W oświadczeniu obecny zarząd Banku Spółdzielczego w Nadarzynie zapewnił, że zatrzymania, które dotyczą m.in. byłych członków zarządu nie mają wpływu na obecną sytuację klientów.
Osoby zatrzymane przez CBA od ponad roku nie są pracownikami Banku Spółdzielczego w Nadarzynie i od tego czasu nie pełnią w nim żadnych funkcji, a co za tym idzie nie mają żadnego wpływu na jego funkcjonowanie
— zapewnił zarząd.
Obecna sytuacja finansowa Banku w żaden sposób nie zagraża jego działalności, a aktywa Klientów Banku są bezpieczne
— dodał w oświadczeniu obecny zarząd.
Szef warszawskiej prokuratury regionalnej Andrzej Szeliga powiedział, że to śledztwo, na jego wniosek, od czerwca tego roku prowadził specjalny zespół śledczy: dwóch prokuratorów i dziewięciu agentów CBA.

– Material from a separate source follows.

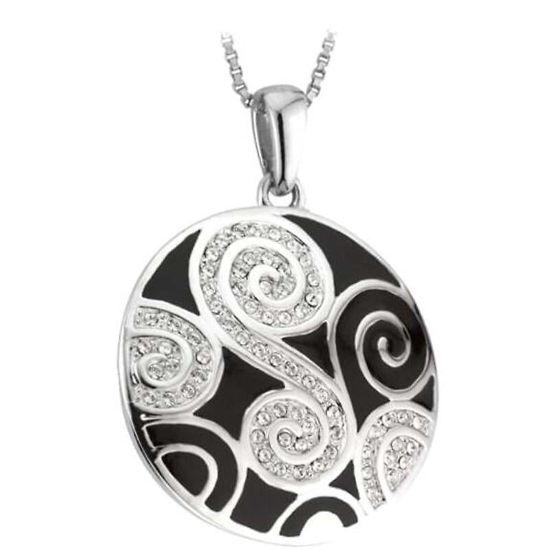 This elegant Irish Necklace features a patterns of Celtic Swirls, decorated with crystal stones on a black enamel disc. This pendant is rhodium plated and comes on an 18 inch chain. Measures approx. 0.9 inch in diameter.

Podkreślam, że są to pierwsze zatrzymania osiągnięte w takim czasie, a sprawa jest rozwojowa
— mówił Szeliga.
Zaznaczył, że w sprawie i przy postawieniu zarzutów pomagali też funkcjonariusze białostockiego oddziału Urzędu Kontroli Skarbowej.

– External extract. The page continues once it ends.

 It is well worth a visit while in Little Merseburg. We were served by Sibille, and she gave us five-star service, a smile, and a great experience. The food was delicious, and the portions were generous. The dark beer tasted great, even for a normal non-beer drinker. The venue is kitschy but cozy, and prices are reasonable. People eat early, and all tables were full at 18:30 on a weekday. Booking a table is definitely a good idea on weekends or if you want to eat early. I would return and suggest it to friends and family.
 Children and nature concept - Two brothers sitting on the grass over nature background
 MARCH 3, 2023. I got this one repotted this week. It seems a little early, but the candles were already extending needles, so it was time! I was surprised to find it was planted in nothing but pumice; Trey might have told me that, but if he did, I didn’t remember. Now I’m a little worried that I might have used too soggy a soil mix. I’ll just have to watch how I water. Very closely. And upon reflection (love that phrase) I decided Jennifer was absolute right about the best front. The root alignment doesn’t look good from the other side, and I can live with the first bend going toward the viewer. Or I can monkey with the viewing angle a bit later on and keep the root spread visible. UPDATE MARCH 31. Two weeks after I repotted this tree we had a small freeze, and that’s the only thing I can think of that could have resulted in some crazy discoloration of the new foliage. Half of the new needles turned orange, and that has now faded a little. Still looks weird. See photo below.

Naczelnik Wydziału ds. przestępczości gospodarczej Prokuratury Regionalnej w Warszawie Katarzyna Calów-Jaszewska podała, że sprawa została zainicjowana zawiadomieniem skierowanym do prokuratury przez przewodniczącego Komisji Nadzoru Finansowego w marcu 2015 r. po kontroli dotyczącej SK Banku w Wołominie. W tamtej sprawie straty oceniane były na 2,6 mln zł - zaznaczyła.
Do tego postępowania dołączono również zawiadomienie dotyczące nadużycia zaufania i działania na szkodę Banku Spółdzielczego w Nadarzynie
— wyjaśniła naczelnik.
Prok. Wasilewski zaznaczył, że w całej sprawie zarzuty przedstawiono 19 osobom - w tym 13 zatrzymanym we wtorek.

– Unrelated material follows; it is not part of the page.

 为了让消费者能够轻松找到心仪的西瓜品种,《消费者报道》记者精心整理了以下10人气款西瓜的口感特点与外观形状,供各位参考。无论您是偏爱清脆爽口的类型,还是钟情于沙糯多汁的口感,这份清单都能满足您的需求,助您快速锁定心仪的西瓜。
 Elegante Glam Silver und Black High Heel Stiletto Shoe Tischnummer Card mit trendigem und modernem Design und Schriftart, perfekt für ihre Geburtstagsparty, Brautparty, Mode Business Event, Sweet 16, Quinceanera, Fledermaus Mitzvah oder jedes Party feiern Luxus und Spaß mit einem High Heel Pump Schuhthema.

Przestępstwo polegało na niewłaściwej ocenie i kwalifikacji wniosków kredytowych i udzielaniu kredytów
— podał Wasilewski.
Oprócz byłych członków zarządu BS w Nadarzynie wśród zatrzymanych są rzeczoznawcy majątkowi, którzy wyceniali nieruchomości, które były zabezpieczeniem udzielanych kredytów oraz sami beneficjenci tych kredytów
— wyjaśniła naczelnik Calów-Jaszewska.
Mechanizm polegał na tym, że rzeczoznawcy zawyżali znacznie wartości nieruchomości, które miały stanowić zabezpieczenie kredytów. Dla przykładu: wartość jednej z nieruchomości została zawyżona o 375 mln zł
— poinformowała naczelnik.
W sumie postawiono tym 13 osobom ponad 100 zarzutów
— dodała.
Prokuratura zasłaniając się dobrem śledztwa nie chciała udzielić informacji na temat powiązań osobowych, czy kapitałowych pomiędzy Bankiem Spółdzielczym w Nadarzynie i SK Bankiem w Wołominie. Calów-Jaszewska powiedziała jednak, że w toku śledztwa takie powiązania zostały wykazane.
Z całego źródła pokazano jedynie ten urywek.